L’impôt français continue de grimper et de battre des records au niveau national comme sur le plan international. Selon les derniers chiffres rendus publics par l’OCDE, le pays viendrait en deuxième position au classement des états qui ont les charges fiscales les plus élevées au monde. Avec une hausse de 0,2%, la pression fiscale a atteint le seuil alarmant de 45,2% du PIB en 2014, un record si on le compare aux autres pays membres de l’Organisation qui affichent une moyenne de 34%. Cette augmentation généralisée est dominée par le Danemark avec 50,9%, suivi de la France et du Belgique avec un taux estimé à 44,7%. Paradoxalement, les charges fiscales sur les sociétés ont baissé ces dernières années tandis que la pression s’est accentuée sur les ménages. La création d’entreprise en chute libre est d’une certaine manière liée aux charges fiscales excessives.

Les plus affectés par cette augmentation

La pression fiscale est moins ressentie par les entreprises que par les particuliers. Pour les ménages, elle est passée de 7,2% en 2007 à une proportion de 8,4% du PIB en 2014. Dans le même temps, on constate un recul des recettes fiscales qui pèsent sur les entreprises. La part de recettes générées par l’impôt sur les sociétés (IS) passe de 2,9% pour tomber à 2% sur la même période de 7 ans. Les charges sociales occupent une marge de 37% des recettes, c’est plus de 4 fois supérieures au taux des autres états membres de l’OCDE estimé à 8% en moyenne. En gros, les charges sociales sont plus supportées par les particuliers que les chefs d’entreprises. Pour la France, les cotisations sociales pèsent de 40% dans les recettes fiscales contre une moyenne de 26,1% pour les autres pays de l’OCDE (stat France). En somme, les charges sociales ont été redirigées vers les ménages qui en subissent les conséquences.

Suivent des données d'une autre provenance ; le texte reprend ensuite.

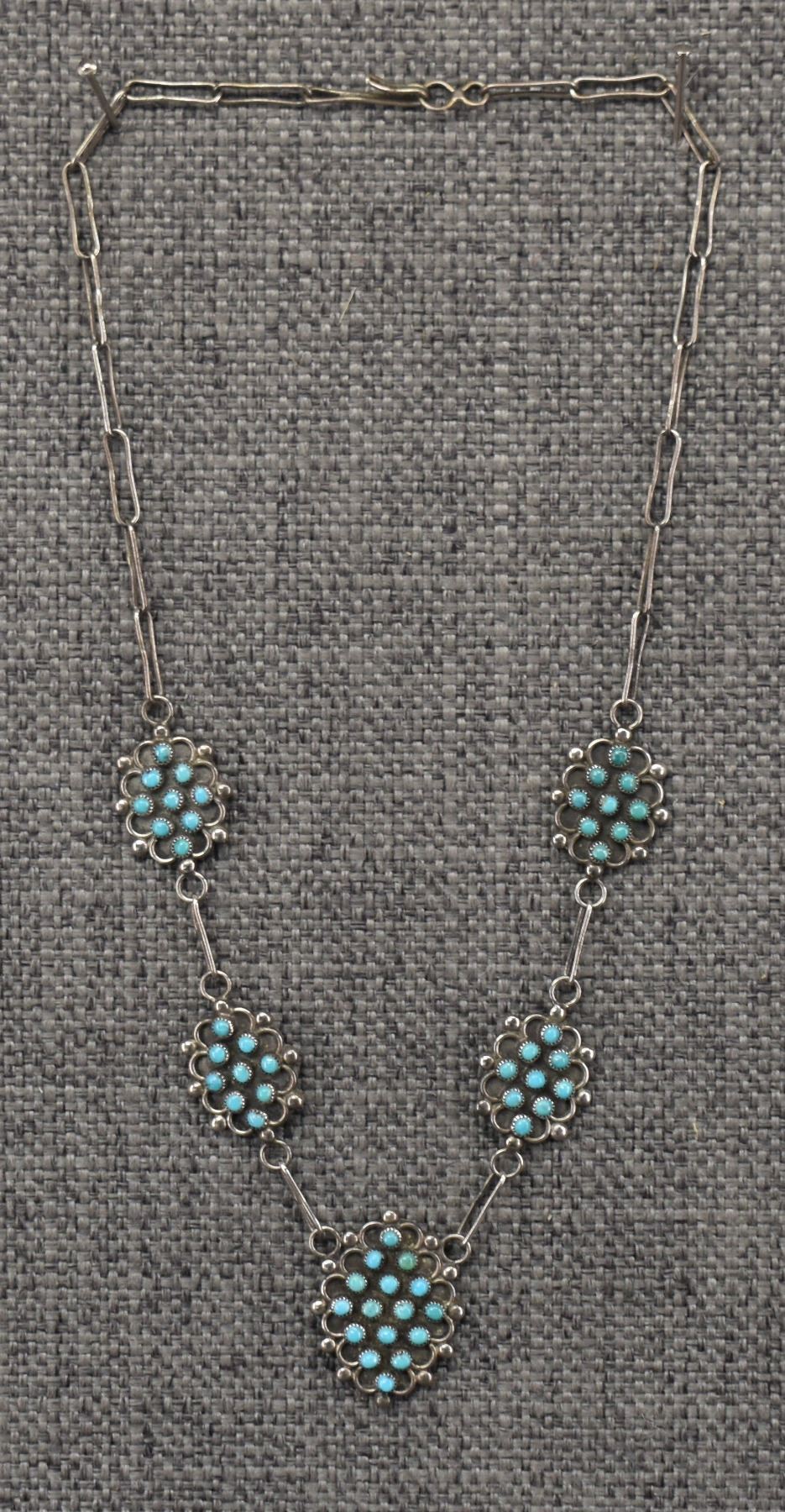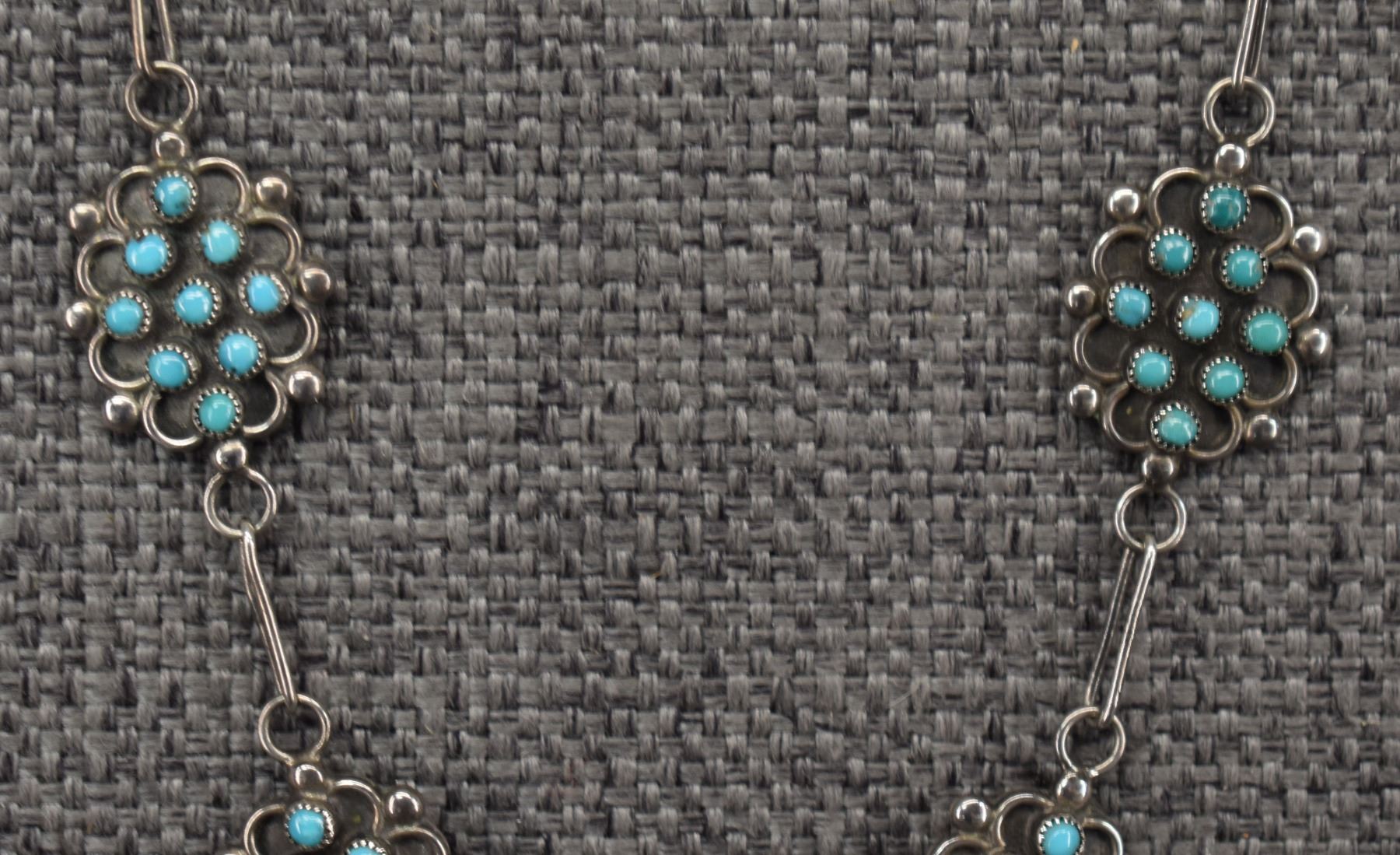 1970's Zuni. Sterling silver and turquoise necklace 17'' long. Total weight 16 grams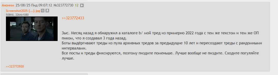 Что удалось выяснить: — В инсте и фейсбуке есть официальные боты. — Одновременное количество биопроблемных тредов в /b около 25% (исследование анона из прошлых тредов). — Социальные сети и форумы имитируют активность пользователей, заставляя их общаться с ботами, а не друг с другом. — Огромное количество бессмысленных на первый взгляд ботов на всех ресурсах. — Большая часть постов генерируется нейросетью, шизы с навязчивыми идеями на самом деле могут являться ботами. — В поисковиках жёсткая цензура и пузыри фильтров, не позволяющие покинуть пределы манямирка. — Количество результатов в поисковиках с 2010х сократилось на несколько порядков. — Новостной гулаг: все новости на всех сайтах и всех языках тиражируются из одних и тех же источников. — Более половины веб-трафика исходит от автоматизированных программ, многие из которых являются вредоносными.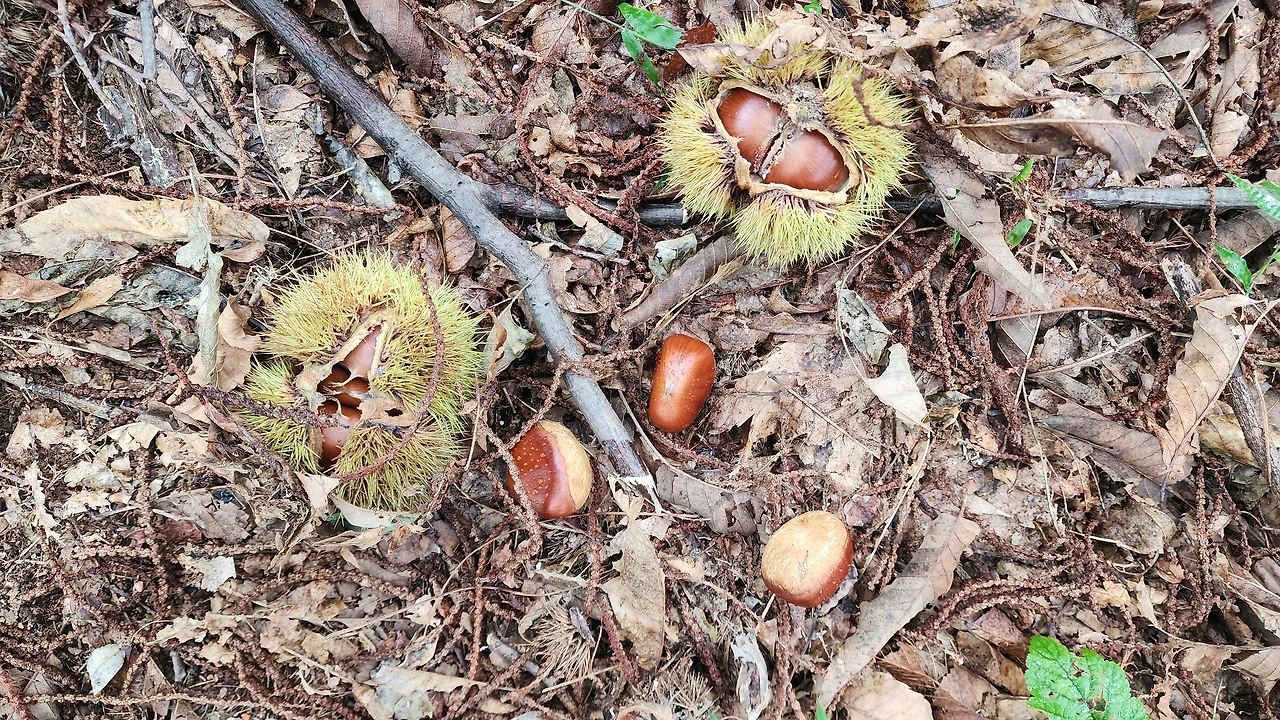 "여기 밤 있어요. 밤이 많이 떨어졌네요."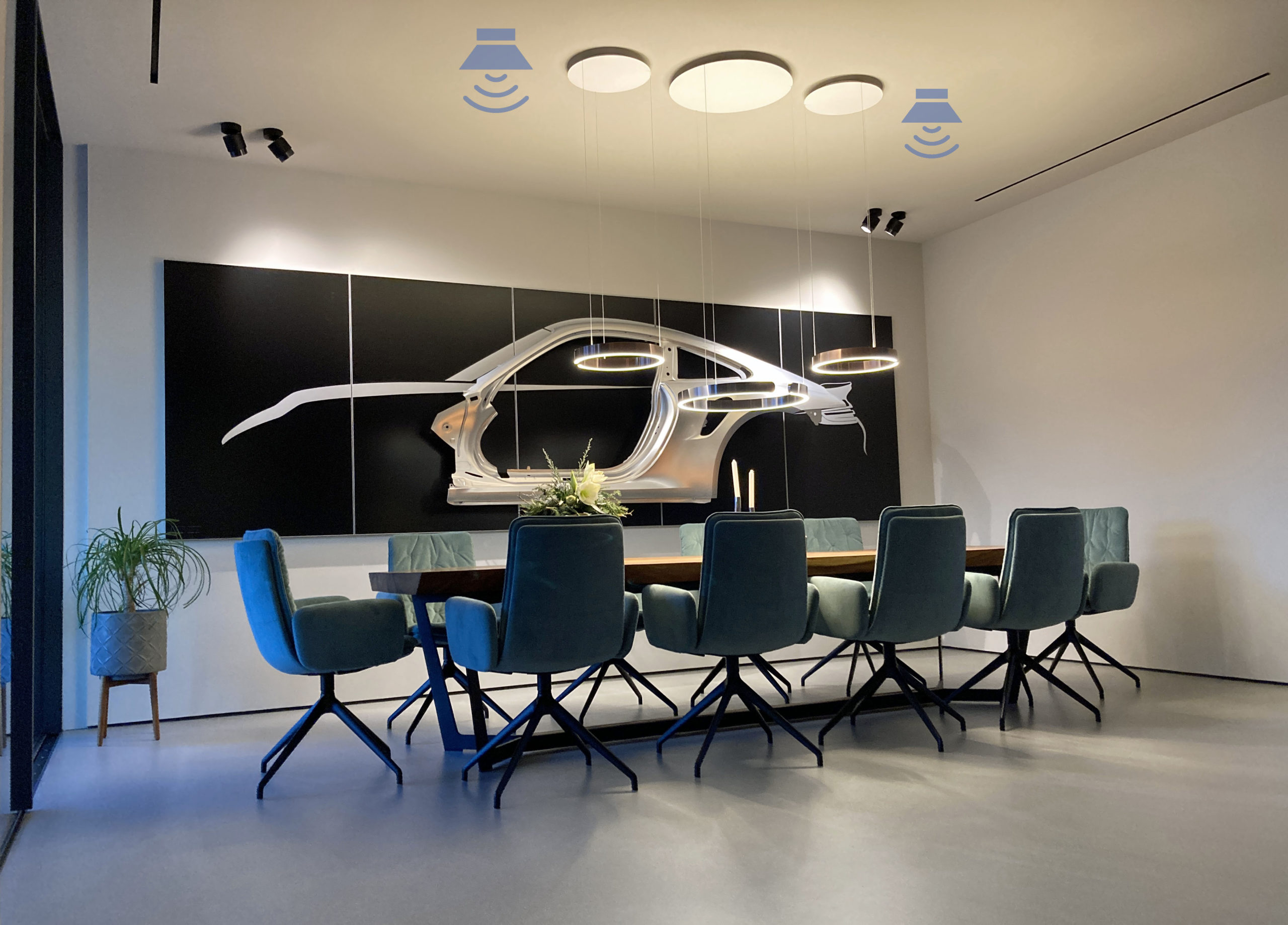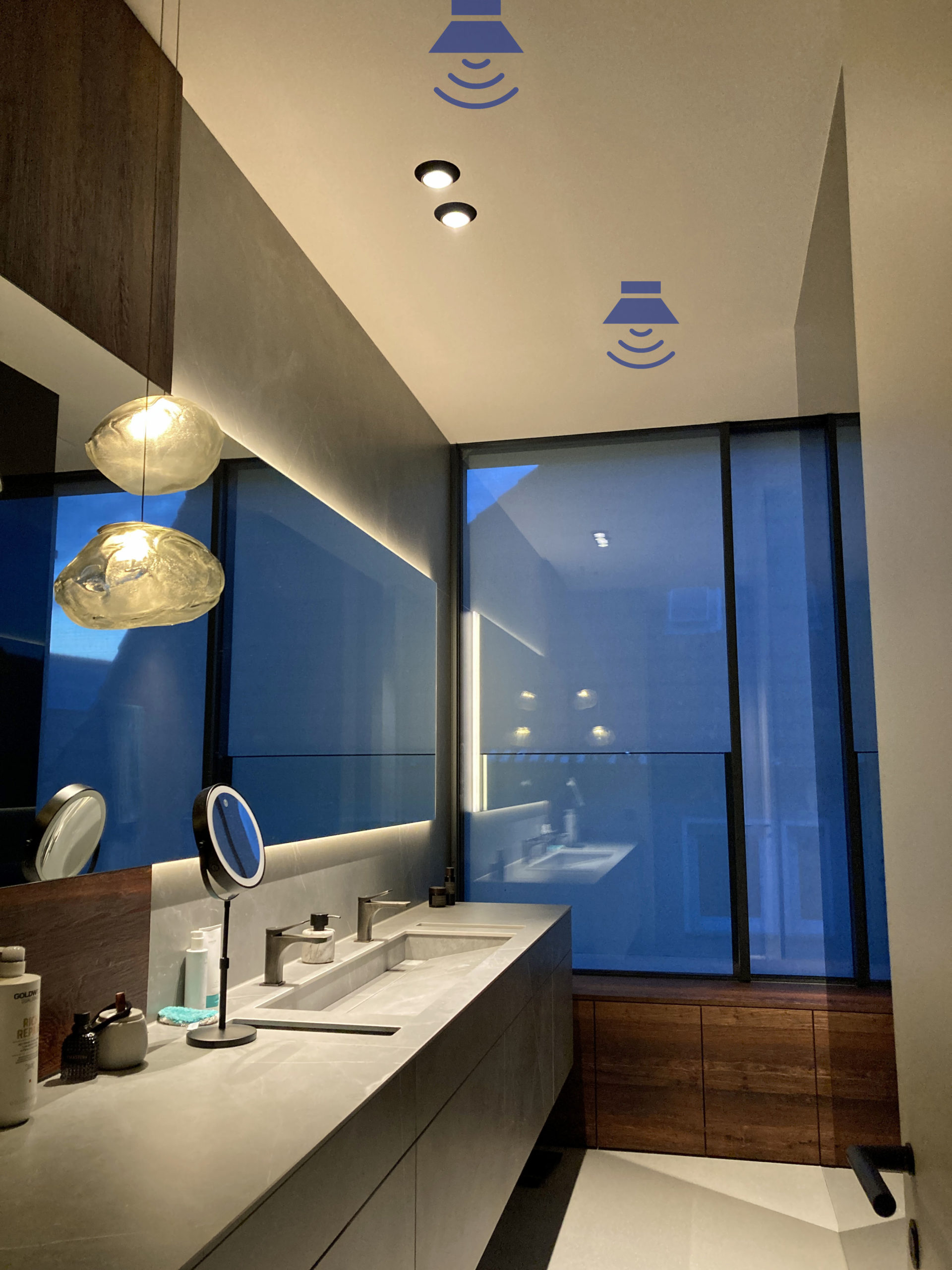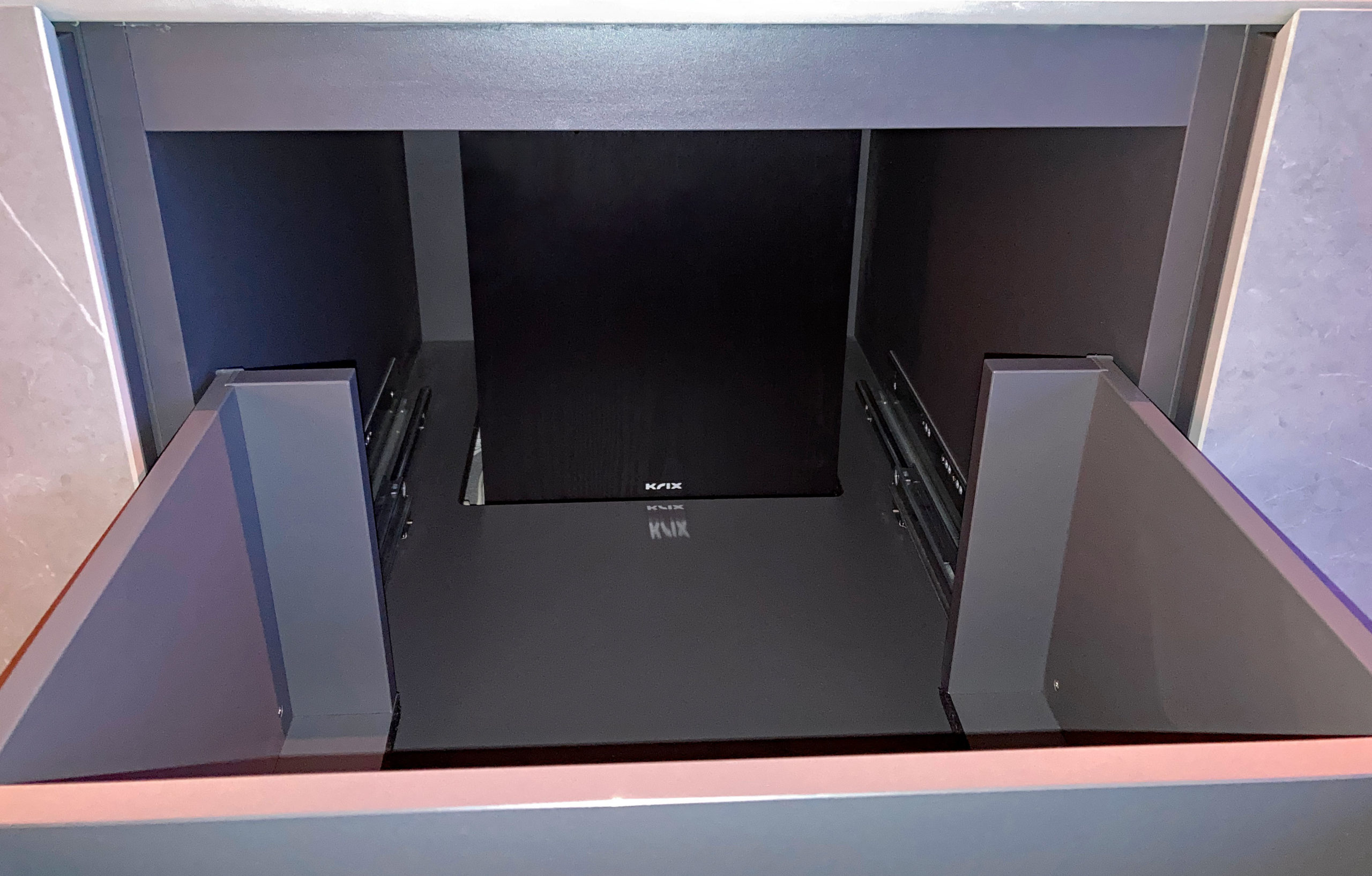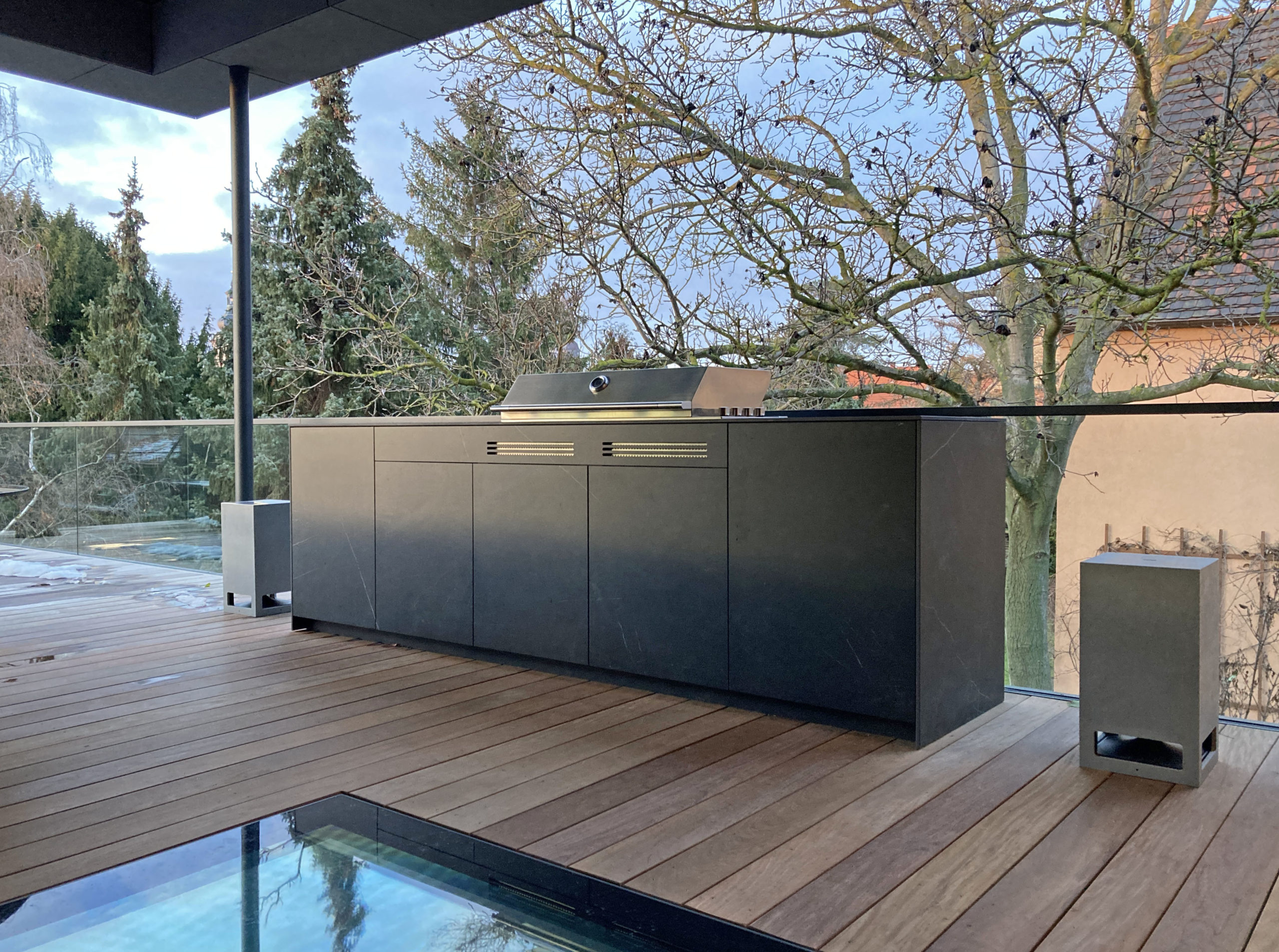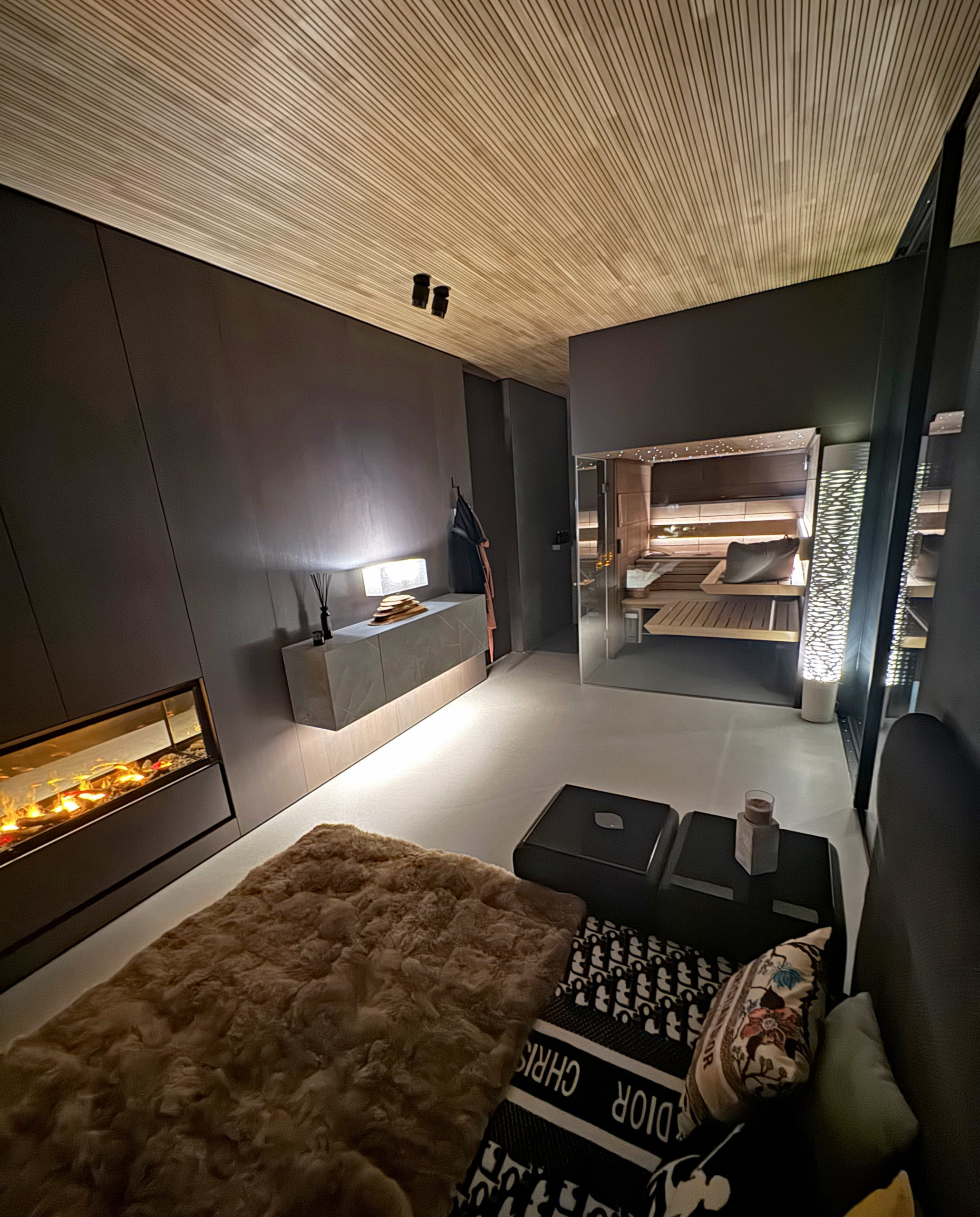 Dann kommen Wände, Decken und die bewussten Design-Elemente völlig ungestört zur Geltung – wohnlich und gleichzeitig edel. Wir haben in allen Räumen unsichtbare Flächenlautsprecher paarweise in den Decken verbaut. Im Wohnzimmer wird damit der Surround-Sound erzeugt. Die Wohnwand wird für’s Filme schauen geöffnet und dann sorgen dort eine erstklassige Soundbar und ein versteckt eingebauter Subwoofer für Kino-Feeling. Einen Kontrast bietet der Wellness-Bereich: die Ligno-Holzdecke schafft optimale Raumakustik und Natürlichkeit. Lautsprecher sind auch hier unsichtbar integriert. Zum Multi-Room Audio gehört bei diesem Projekt auch der Außenbereich mit Schwimmpool, Sonnenterrasse und Außenküche. Die Musik wird von Design-Lautsprechern vom italienischen Hersteller Garvan wiedergegeben. Damit sind auch Party-taugliche Lautstärke und kraftvolle Bässe möglich!

La baisse des charges pour l’horizon 2016

Les 6,5 milliards d’euros de réduction liés à l’instauration du Crédit d’impôt pour la compétitivité et emploi (CICE) n’ont pas directement eu d’impact sur les ménages. La pression fiscale sur les particuliers reste toujours une réalité. L’annonce d’une prochaine baisse d’impôt pour les ménages l’année suivante est un véritable soulagement pour les particuliers. L’état table sur un recul de 2 milliards d’euros de charges  à l’endroit des 3 millions qui sont concernés par cette baisse. Parmi les bénéficiaires, 1 millions de ménages seront exonérées d’impôts dans ce projet de réduction.

Une augmentation généralisée au sein de l’OCDE

La France n’est pas le seul pays membre de l’organisation à enregistrer des hausses au niveau des charges fiscales. 16 états parmi les 30 que compte l’OCDE ont vu leurs charges grimper. Parallèlement comme en Hexagone, les recettes liées à l’IS sont passées de 3,6% en 2007 à 2,8% en 2014. Idem pour l’impôt sur le revenu qui augmente également (8,8% à 8,9% sur 7 ans).